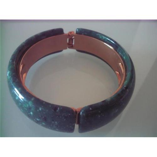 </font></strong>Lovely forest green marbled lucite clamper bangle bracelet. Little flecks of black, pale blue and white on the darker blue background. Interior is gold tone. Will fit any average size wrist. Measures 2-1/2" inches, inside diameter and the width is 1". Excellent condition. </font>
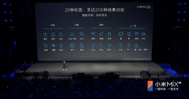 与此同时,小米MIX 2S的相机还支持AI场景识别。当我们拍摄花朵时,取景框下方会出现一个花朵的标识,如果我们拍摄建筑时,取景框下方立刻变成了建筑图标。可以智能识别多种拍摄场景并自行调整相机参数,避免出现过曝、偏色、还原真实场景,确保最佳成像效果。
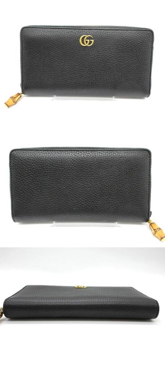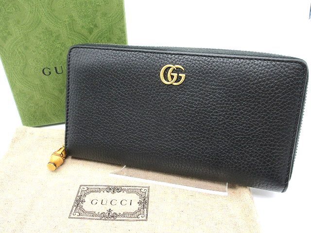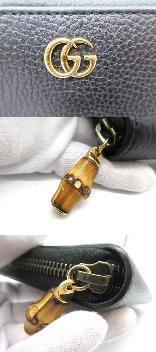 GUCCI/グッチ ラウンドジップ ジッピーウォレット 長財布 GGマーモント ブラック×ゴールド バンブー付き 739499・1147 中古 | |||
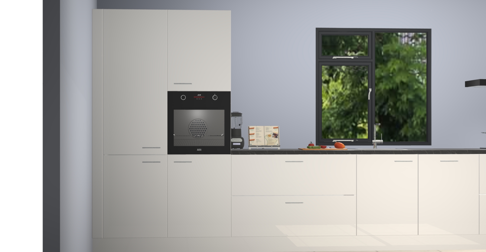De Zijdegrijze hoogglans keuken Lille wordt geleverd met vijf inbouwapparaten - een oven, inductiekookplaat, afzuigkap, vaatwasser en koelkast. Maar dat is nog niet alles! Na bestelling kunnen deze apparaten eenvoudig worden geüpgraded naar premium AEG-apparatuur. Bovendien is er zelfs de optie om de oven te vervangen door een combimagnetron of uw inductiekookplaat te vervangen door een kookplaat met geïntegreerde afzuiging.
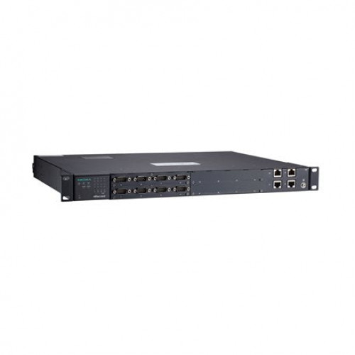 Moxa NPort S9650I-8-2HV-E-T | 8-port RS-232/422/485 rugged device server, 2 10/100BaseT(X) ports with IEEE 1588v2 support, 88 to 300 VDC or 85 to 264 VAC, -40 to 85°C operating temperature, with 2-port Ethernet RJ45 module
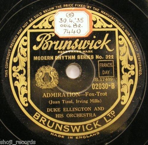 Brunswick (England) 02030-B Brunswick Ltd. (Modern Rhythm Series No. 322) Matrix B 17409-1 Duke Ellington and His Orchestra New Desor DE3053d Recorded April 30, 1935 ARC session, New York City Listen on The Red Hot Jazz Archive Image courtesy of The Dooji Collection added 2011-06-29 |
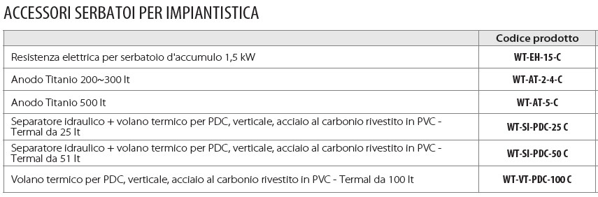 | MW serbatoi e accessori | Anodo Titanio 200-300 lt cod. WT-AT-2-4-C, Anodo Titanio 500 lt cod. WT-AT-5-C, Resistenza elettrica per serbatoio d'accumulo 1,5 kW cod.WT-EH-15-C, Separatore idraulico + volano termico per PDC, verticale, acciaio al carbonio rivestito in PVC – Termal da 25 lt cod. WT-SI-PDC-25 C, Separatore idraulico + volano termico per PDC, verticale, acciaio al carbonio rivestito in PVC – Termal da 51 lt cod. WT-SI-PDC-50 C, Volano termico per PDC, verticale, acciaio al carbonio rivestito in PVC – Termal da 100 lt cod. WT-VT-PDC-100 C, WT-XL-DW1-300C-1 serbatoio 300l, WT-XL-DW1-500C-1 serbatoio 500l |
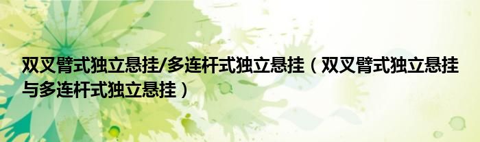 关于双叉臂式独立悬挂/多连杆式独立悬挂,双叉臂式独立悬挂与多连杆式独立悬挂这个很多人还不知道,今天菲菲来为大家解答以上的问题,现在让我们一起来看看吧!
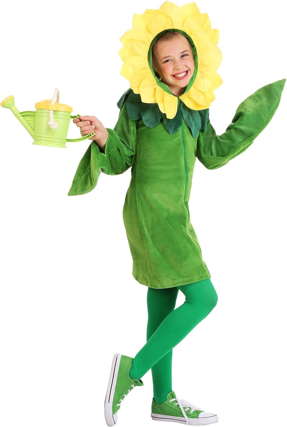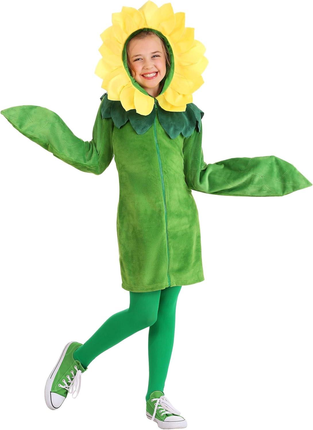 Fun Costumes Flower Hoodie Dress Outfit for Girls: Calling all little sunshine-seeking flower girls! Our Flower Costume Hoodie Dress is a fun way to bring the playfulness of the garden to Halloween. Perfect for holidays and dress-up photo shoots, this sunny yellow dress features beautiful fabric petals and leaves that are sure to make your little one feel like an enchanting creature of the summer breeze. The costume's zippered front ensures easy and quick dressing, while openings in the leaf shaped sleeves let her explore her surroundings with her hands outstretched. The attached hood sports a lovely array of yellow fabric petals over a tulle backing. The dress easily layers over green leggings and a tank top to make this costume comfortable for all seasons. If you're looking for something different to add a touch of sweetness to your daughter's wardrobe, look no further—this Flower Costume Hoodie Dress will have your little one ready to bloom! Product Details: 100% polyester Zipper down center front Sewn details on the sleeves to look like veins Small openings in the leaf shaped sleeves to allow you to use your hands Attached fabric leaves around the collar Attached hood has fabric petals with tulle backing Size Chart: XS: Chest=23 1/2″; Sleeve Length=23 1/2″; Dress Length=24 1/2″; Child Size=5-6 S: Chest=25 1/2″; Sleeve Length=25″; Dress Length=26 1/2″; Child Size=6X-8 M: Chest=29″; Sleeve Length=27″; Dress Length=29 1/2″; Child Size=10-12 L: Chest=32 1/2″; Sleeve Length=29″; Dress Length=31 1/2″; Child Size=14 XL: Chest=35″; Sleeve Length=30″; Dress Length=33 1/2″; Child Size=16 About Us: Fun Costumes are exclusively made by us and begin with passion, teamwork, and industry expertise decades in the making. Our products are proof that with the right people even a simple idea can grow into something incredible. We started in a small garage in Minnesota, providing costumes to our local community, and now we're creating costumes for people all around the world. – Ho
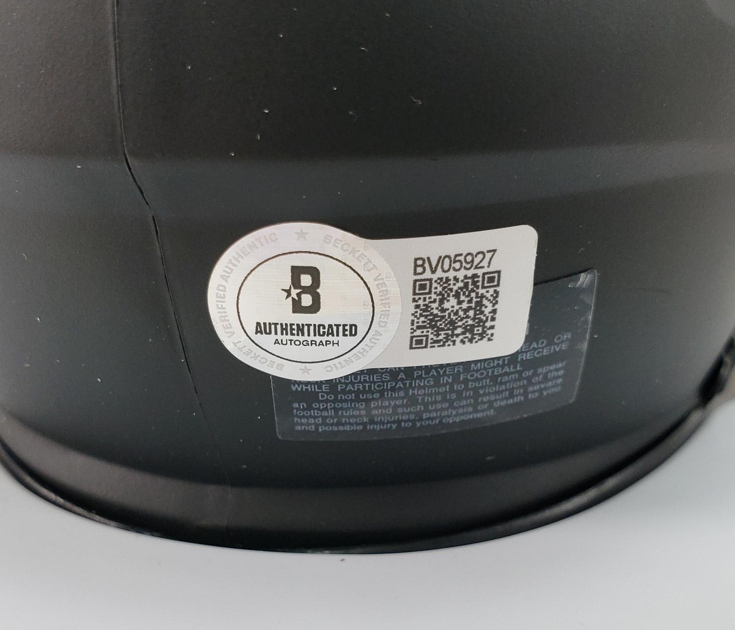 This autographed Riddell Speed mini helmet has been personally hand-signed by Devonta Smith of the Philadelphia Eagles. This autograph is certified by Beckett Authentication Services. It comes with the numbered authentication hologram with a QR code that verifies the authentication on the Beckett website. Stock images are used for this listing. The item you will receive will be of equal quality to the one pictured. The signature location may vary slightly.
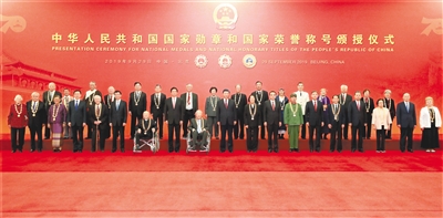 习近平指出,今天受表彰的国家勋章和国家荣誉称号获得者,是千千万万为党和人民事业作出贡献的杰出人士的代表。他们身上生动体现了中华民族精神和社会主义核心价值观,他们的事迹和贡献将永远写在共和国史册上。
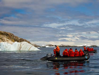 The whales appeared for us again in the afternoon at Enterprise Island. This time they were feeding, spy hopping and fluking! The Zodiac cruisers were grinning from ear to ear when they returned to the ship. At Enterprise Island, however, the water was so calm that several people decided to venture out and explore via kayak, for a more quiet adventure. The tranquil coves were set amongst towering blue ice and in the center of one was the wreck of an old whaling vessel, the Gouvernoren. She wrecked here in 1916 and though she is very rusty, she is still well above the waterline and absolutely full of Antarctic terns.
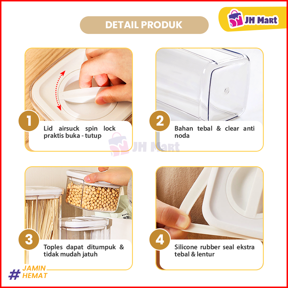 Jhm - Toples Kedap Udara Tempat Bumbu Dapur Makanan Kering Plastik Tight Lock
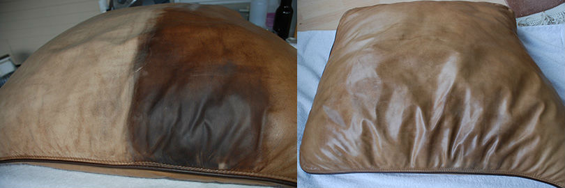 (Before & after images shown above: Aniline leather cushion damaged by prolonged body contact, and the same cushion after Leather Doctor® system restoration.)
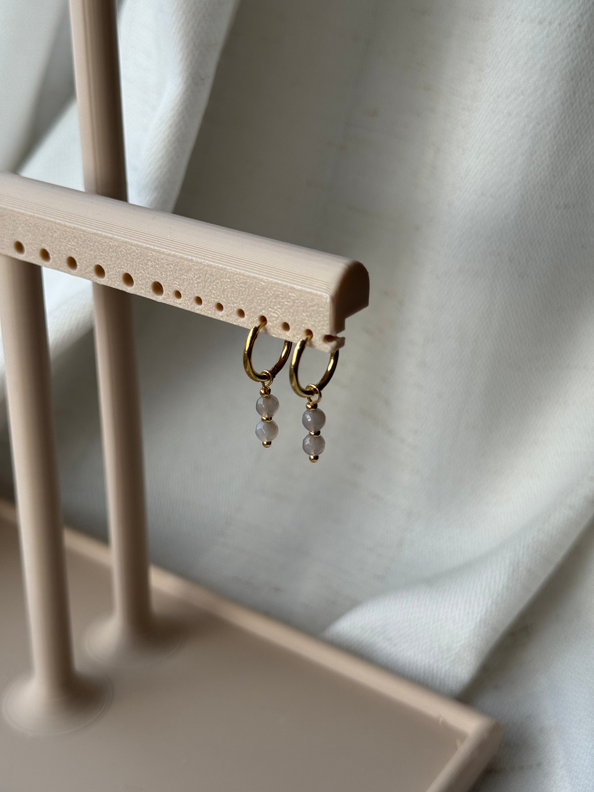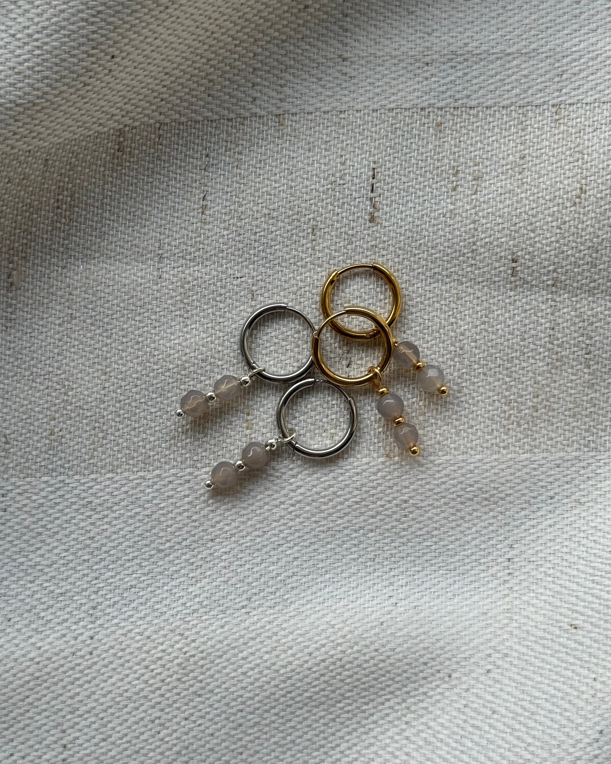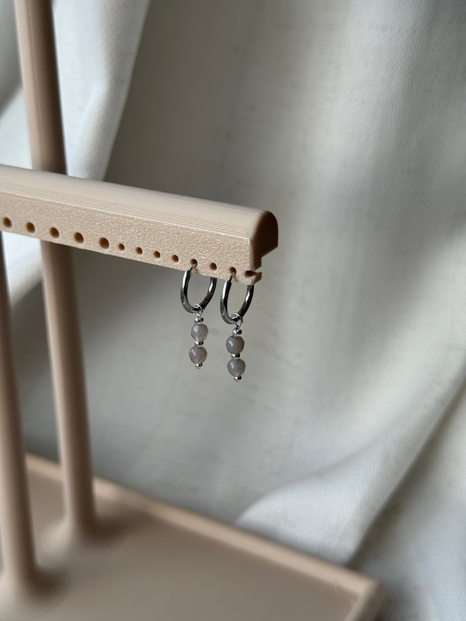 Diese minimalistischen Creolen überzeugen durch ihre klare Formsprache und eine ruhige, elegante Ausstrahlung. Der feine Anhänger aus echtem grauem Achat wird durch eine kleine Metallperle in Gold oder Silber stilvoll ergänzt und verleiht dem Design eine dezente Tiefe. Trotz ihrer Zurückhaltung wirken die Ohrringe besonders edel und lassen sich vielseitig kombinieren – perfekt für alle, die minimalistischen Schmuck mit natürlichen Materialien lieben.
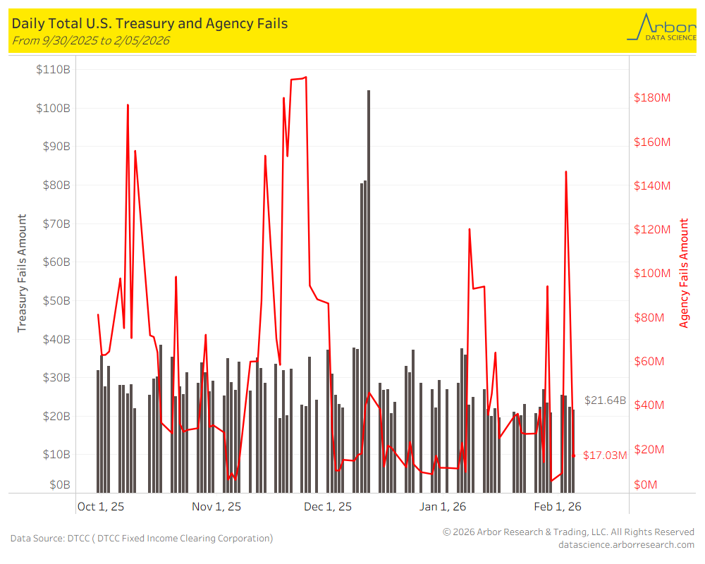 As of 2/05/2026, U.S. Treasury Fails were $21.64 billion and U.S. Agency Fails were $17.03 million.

- **WHAT THIS TASK INVOLVES**:
Only the pictures are to be omitted; restate everything else above exactly.

- **RESULT**:
 </font></strong>Lovely forest green marbled lucite clamper bangle bracelet. Little flecks of black, pale blue and white on the darker blue background. Interior is gold tone. Will fit any average size wrist. Measures 2-1/2" inches, inside diameter and the width is 1". Excellent condition. </font>
 与此同时,小米MIX 2S的相机还支持AI场景识别。当我们拍摄花朵时,取景框下方会出现一个花朵的标识,如果我们拍摄建筑时,取景框下方立刻变成了建筑图标。可以智能识别多种拍摄场景并自行调整相机参数,避免出现过曝、偏色、还原真实场景,确保最佳成像效果。
 GUCCI/グッチ ラウンドジップ ジッピーウォレット 長財布 GGマーモント ブラック×ゴールド バンブー付き 739499・1147 中古 | |||
De Zijdegrijze hoogglans keuken Lille wordt geleverd met vijf inbouwapparaten - een oven, inductiekookplaat, afzuigkap, vaatwasser en koelkast. Maar dat is nog niet alles! Na bestelling kunnen deze apparaten eenvoudig worden geüpgraded naar premium AEG-apparatuur. Bovendien is er zelfs de optie om de oven te vervangen door een combimagnetron of uw inductiekookplaat te vervangen door een kookplaat met geïntegreerde afzuiging.
 Moxa NPort S9650I-8-2HV-E-T | 8-port RS-232/422/485 rugged device server, 2 10/100BaseT(X) ports with IEEE 1588v2 support, 88 to 300 VDC or 85 to 264 VAC, -40 to 85°C operating temperature, with 2-port Ethernet RJ45 module
 Brunswick (England) 02030-B Brunswick Ltd. (Modern Rhythm Series No. 322) Matrix B 17409-1 Duke Ellington and His Orchestra New Desor DE3053d Recorded April 30, 1935 ARC session, New York City Listen on The Red Hot Jazz Archive Image courtesy of The Dooji Collection added 2011-06-29 |
 | MW serbatoi e accessori | Anodo Titanio 200-300 lt cod. WT-AT-2-4-C, Anodo Titanio 500 lt cod. WT-AT-5-C, Resistenza elettrica per serbatoio d'accumulo 1,5 kW cod.WT-EH-15-C, Separatore idraulico + volano termico per PDC, verticale, acciaio al carbonio rivestito in PVC – Termal da 25 lt cod. WT-SI-PDC-25 C, Separatore idraulico + volano termico per PDC, verticale, acciaio al carbonio rivestito in PVC – Termal da 51 lt cod. WT-SI-PDC-50 C, Volano termico per PDC, verticale, acciaio al carbonio rivestito in PVC – Termal da 100 lt cod. WT-VT-PDC-100 C, WT-XL-DW1-300C-1 serbatoio 300l, WT-XL-DW1-500C-1 serbatoio 500l |
 关于双叉臂式独立悬挂/多连杆式独立悬挂,双叉臂式独立悬挂与多连杆式独立悬挂这个很多人还不知道,今天菲菲来为大家解答以上的问题,现在让我们一起来看看吧!
 Fun Costumes Flower Hoodie Dress Outfit for Girls: Calling all little sunshine-seeking flower girls! Our Flower Costume Hoodie Dress is a fun way to bring the playfulness of the garden to Halloween. Perfect for holidays and dress-up photo shoots, this sunny yellow dress features beautiful fabric petals and leaves that are sure to make your little one feel like an enchanting creature of the summer breeze. The costume's zippered front ensures easy and quick dressing, while openings in the leaf shaped sleeves let her explore her surroundings with her hands outstretched. The attached hood sports a lovely array of yellow fabric petals over a tulle backing. The dress easily layers over green leggings and a tank top to make this costume comfortable for all seasons. If you're looking for something different to add a touch of sweetness to your daughter's wardrobe, look no further—this Flower Costume Hoodie Dress will have your little one ready to bloom! Product Details: 100% polyester Zipper down center front Sewn details on the sleeves to look like veins Small openings in the leaf shaped sleeves to allow you to use your hands Attached fabric leaves around the collar Attached hood has fabric petals with tulle backing Size Chart: XS: Chest=23 1/2″; Sleeve Length=23 1/2″; Dress Length=24 1/2″; Child Size=5-6 S: Chest=25 1/2″; Sleeve Length=25″; Dress Length=26 1/2″; Child Size=6X-8 M: Chest=29″; Sleeve Length=27″; Dress Length=29 1/2″; Child Size=10-12 L: Chest=32 1/2″; Sleeve Length=29″; Dress Length=31 1/2″; Child Size=14 XL: Chest=35″; Sleeve Length=30″; Dress Length=33 1/2″; Child Size=16 About Us: Fun Costumes are exclusively made by us and begin with passion, teamwork, and industry expertise decades in the making. Our products are proof that with the right people even a simple idea can grow into something incredible. We started in a small garage in Minnesota, providing costumes to our local community, and now we're creating costumes for people all around the world. – Ho
 This autographed Riddell Speed mini helmet has been personally hand-signed by Devonta Smith of the Philadelphia Eagles. This autograph is certified by Beckett Authentication Services. It comes with the numbered authentication hologram with a QR code that verifies the authentication on the Beckett website. Stock images are used for this listing. The item you will receive will be of equal quality to the one pictured. The signature location may vary slightly.
 习近平指出,今天受表彰的国家勋章和国家荣誉称号获得者,是千千万万为党和人民事业作出贡献的杰出人士的代表。他们身上生动体现了中华民族精神和社会主义核心价值观,他们的事迹和贡献将永远写在共和国史册上。
 The whales appeared for us again in the afternoon at Enterprise Island. This time they were feeding, spy hopping and fluking! The Zodiac cruisers were grinning from ear to ear when they returned to the ship. At Enterprise Island, however, the water was so calm that several people decided to venture out and explore via kayak, for a more quiet adventure. The tranquil coves were set amongst towering blue ice and in the center of one was the wreck of an old whaling vessel, the Gouvernoren. She wrecked here in 1916 and though she is very rusty, she is still well above the waterline and absolutely full of Antarctic terns.
 Jhm - Toples Kedap Udara Tempat Bumbu Dapur Makanan Kering Plastik Tight Lock
 (Before & after images shown above: Aniline leather cushion damaged by prolonged body contact, and the same cushion after Leather Doctor® system restoration.)
 Diese minimalistischen Creolen überzeugen durch ihre klare Formsprache und eine ruhige, elegante Ausstrahlung. Der feine Anhänger aus echtem grauem Achat wird durch eine kleine Metallperle in Gold oder Silber stilvoll ergänzt und verleiht dem Design eine dezente Tiefe. Trotz ihrer Zurückhaltung wirken die Ohrringe besonders edel und lassen sich vielseitig kombinieren – perfekt für alle, die minimalistischen Schmuck mit natürlichen Materialien lieben.
 As of 2/05/2026, U.S. Treasury Fails were $21.64 billion and U.S. Agency Fails were $17.03 million.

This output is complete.